В конце июня с его обжигающими полуднями и черными бархатными ночами, в один из воскресных вечеров я мчался по глубочайшим туннелям метрополитена по направлению к центру Москвы.

Весело мелькали станции. Двери распахивались в благородное пространство гранита, никеля и бронзы, оттуда веяло свежей прохладой, напоминающей струение чистого кислорода. Уж не подкачивали ли его специально в вентиляцию?.. Но еще прелестнее был ощущавшийся повсюду почти зримый алеющий клубничный аромат! Он растекался от транспортируемых дачниками плетеных коробов и корзин, которые были по-бедуински укутаны белыми марлями с проступавшими на них пятнами липкого, густого сока от поздних и оттого особенно пахучих, мясисто-сахарных ягод.

Закинув ногу на ногу, я сидел в полупустом вагоне, отделанным новеньким, нежным, голубым пластиком, на стерильно-чистом ореховом сиденье, беспристрастно разглядывая собственное отражение в противоположном, поблескивавшим вороненым хрусталем окне с толстым дюймовым стеклом.

Никогда прежде я не бывал удовлетворен своей внешностью. Всегда вылезал какой-то изъянец, вроде нелепо топорщащейся пряди волос или чересчур острого носа. Теперь же я видел себя, словно во сне – где я был счастливым обладателем пушистых, идеально изящных усов. Как будто даже вовсе не я, а совершенно незнакомый человек с этими прекрасными русыми усами, а главное, с эдакими широко распахнутыми глазами, которые лучились необычным сиянием…

Как выглядит человек, когда он не смотрит в зеркало? А?..

В том-то и дело, что не во сне, не в мечтах, а в самой отчетливой реальности этим человеком был именно я!

И, как наглядная иллюстрация произошедшей замечательной перемены, едва я ступил на перрон, на меня налетела какая-то пожилая чета – дачники со своими ивовыми корзинами. Ни с того ни с сего забросали меня горячими восторгами и признаниями в любви. До чего, дескать, приятно на фоне всеобщего нынешнего разложения-деградации – фашиствующих молодчиков, грязных наркоманов, наглых спекулянтов, бандитов, похабных девок-проституток, – до чего ж приятно увидеть мое милое симпатичное лицо. И ведь не успокоились до тех пор, пока со слезами умиления не заставили принять в подарок объемистый короб отборнейшей клубники, чтобы я, например, угостил ею свою любимую, которая, по их глубочайшему убеждению, тоже должна быть чудо как хороша.

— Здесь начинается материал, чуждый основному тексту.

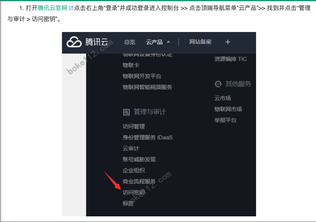 2)腾讯云后台--点击左上角云产品--滑到最后管理与审计版块--点击“访问密钥”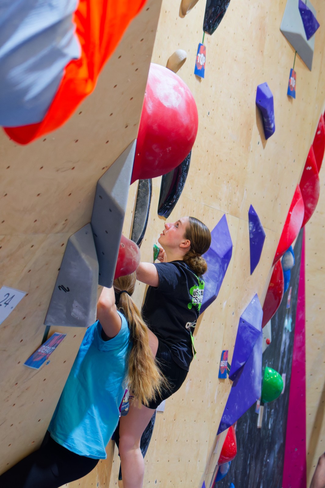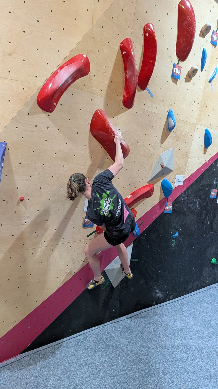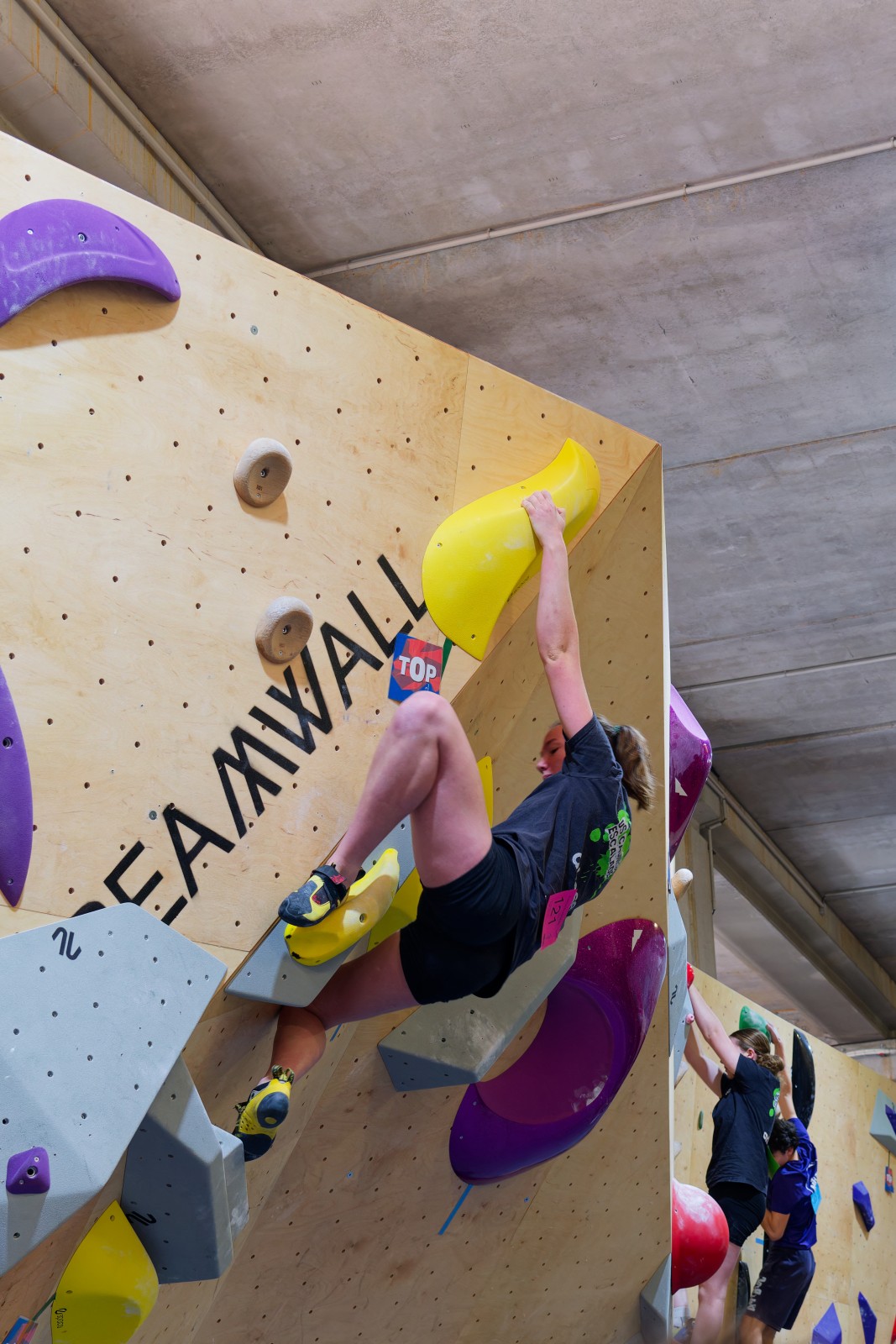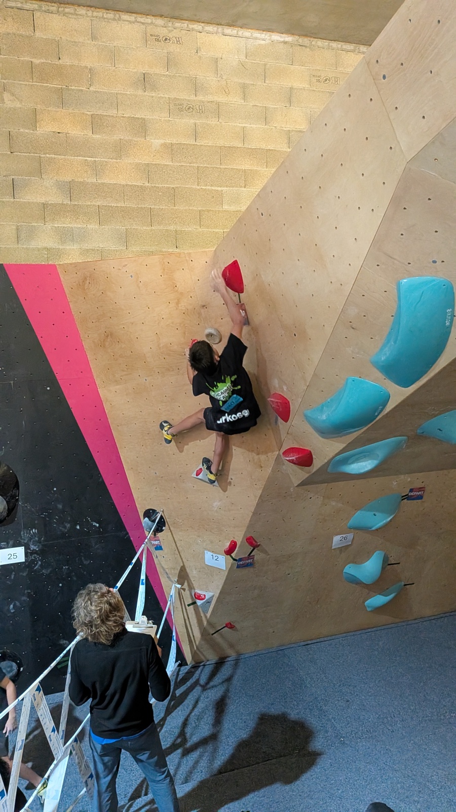 Léane n’a pas trop de pression, pour elle ça se joue plus haut. Elle remporte également la victoire haut la main. Pour Lia, c’est plus compliqué. Après une bonne performance à VdG, une petite claque en coupe de France et un gros mal de dos qui l’empêche de grimper correctement, elle prend tout de même la 4ème place.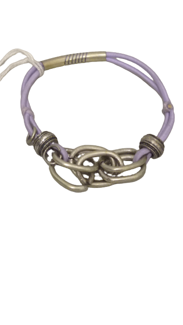 Pulsera de cuerda elastica rematada con aros o cadenas entrelazadas. Color lila.

Моя любимая!.. А ведь и в самом деле! Я даже не думал об этом. Честное слово, даже в голову не приходило… Меня прямо-таки бросило в трепет, когда эти смешные старички в своем бесхитростном восхищении проговорили эти проникновенное слово. Любимая.

«Да ведь она действительно есть у меня! Притом она – одна из тех самых, кто..!» – едва не воскликнул я от такого мгновенного осознания, принимая короб с ягодами, теперь словно намагниченными, заряженными неким потайным смыслом.

После нескольких важнейших дневных встреч я действительно направлялся еще с одним визитом, может быть, наиважнейшим, в один совершенно особенный дом, чудесный, светлый и счастливый.


Пряничный особнячок светился окошками буквально в двух шагах от Пречистенки. И переулочек назывался подходяще – Чистый. За высокой стеной крошечный садик со всяческими сакурами. Подземный гараж с лимонно-желтым «Линкольном», кроваво-красной «Маздой» и трепетно-кремовой «Октавией». Сбоку настоящая бревенчатая конюшенка с двумя отлично выезженными каурой и мухортыми лошадками – Принцессой и Папирусом. Попозже вечером или ночью, для собственного удовольствия, можно поцокать по Пречистенке и Пироговке к Новодевичьему монастырю, или в противоположную сторону – мимо огромного, как мир, храма Христа Спасителя по Кремлевской набережной.

У крыльца мне не пришлось даже тянуть руку к звонку. Дверь плавно отворилась передо мной сама собой, едва я поставил ногу на ступеньку. На меня, еще стоящего в ночи, хлынул поток золотистого света. Елена Белозерова улыбалась мне, протягивая свою фантастическую руку, горячую и решительную.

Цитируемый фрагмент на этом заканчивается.